(What is being asked):
The lines below, from the first through the one containing "hand holding smart", are to be given again exactly, with pictures left out and nothing added.

(Provided material):
● ● ● ● ●

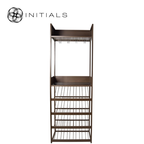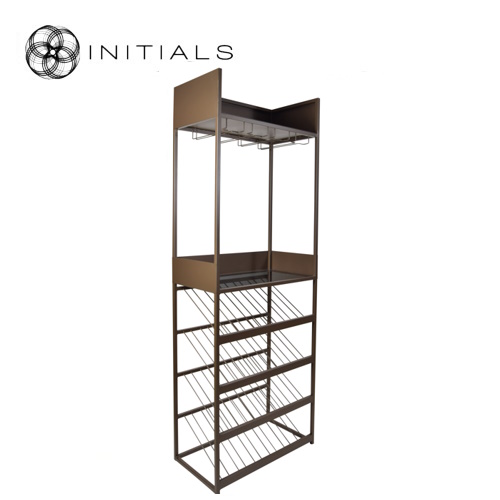 Kasten - Deze wijnkast is perfect vanwege het open frame. Dankzij het open frame ervaar je toch de grootte van de ruimte en laat het licht door. Het frame is gemaakt van ijzer en de middelste plank van topaz glas. De 4 draadplanken hebben elk een capaciteit voor 6 flessen. De afmetingen zijn 70X40X200 centimeter. De metallic bruine kleur zorgt voor een warm design.
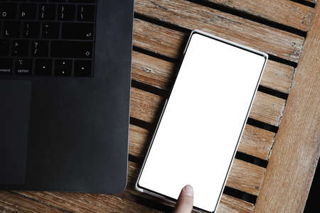 hand holding smart phone with laptop on background, work from home concept
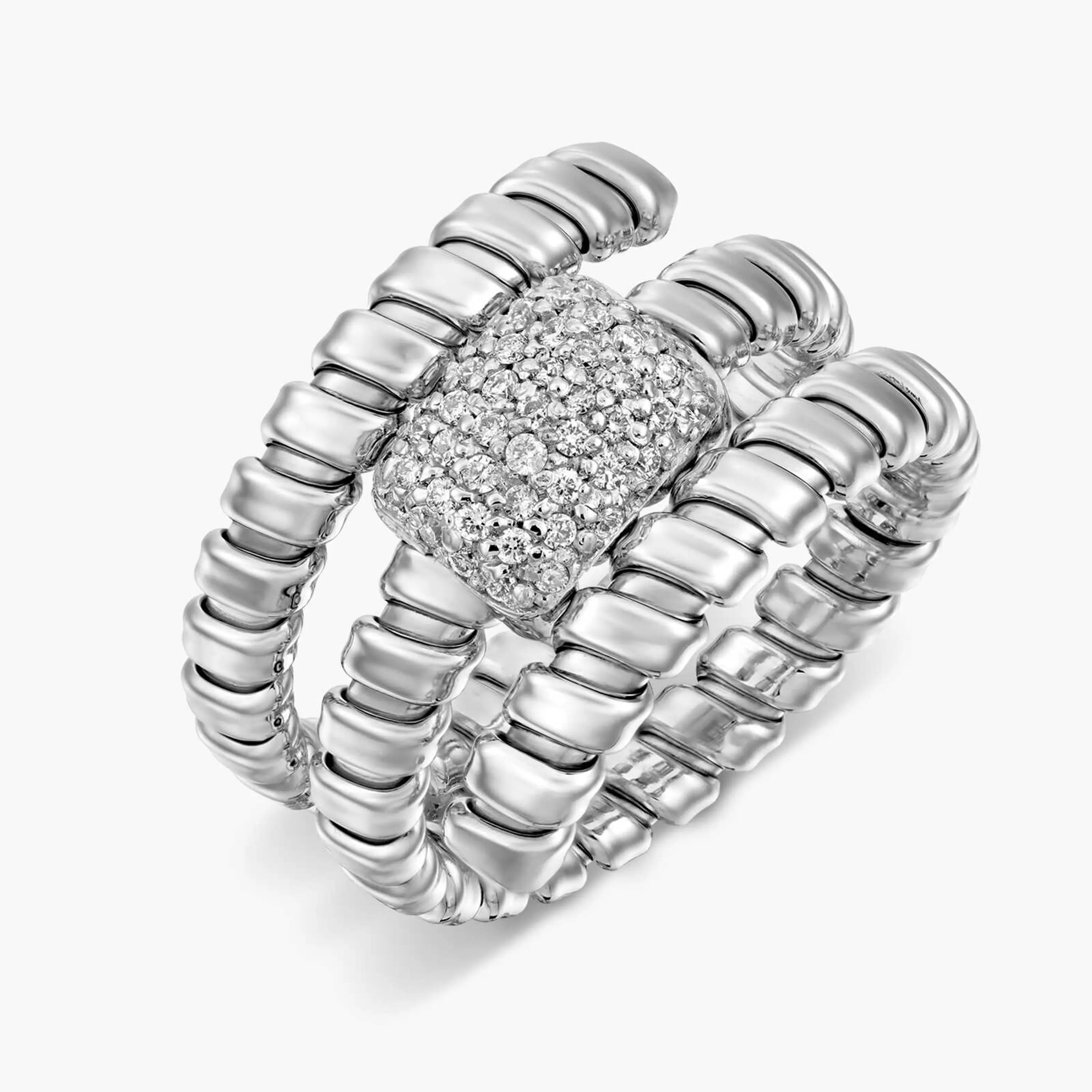טבעת זהב לבן 14K המעוצבת כנחש מוזהב המתפתל סביב האצבע ובראשו משטח של 47 יהלומים טבעיים (0.24 קראט) בגימור של 57 משטחים, המבטיח נצנוץ מושלם מכל יהלום. נקיון היהלומים SI והצבע H . רוחב הטבעת 1.35 ס"מ

● ● ● ● ●

(Exercise solution):
 Kasten - Deze wijnkast is perfect vanwege het open frame. Dankzij het open frame ervaar je toch de grootte van de ruimte en laat het licht door. Het frame is gemaakt van ijzer en de middelste plank van topaz glas. De 4 draadplanken hebben elk een capaciteit voor 6 flessen. De afmetingen zijn 70X40X200 centimeter. De metallic bruine kleur zorgt voor een warm design.
 hand holding smart phone with laptop on background, work from home concept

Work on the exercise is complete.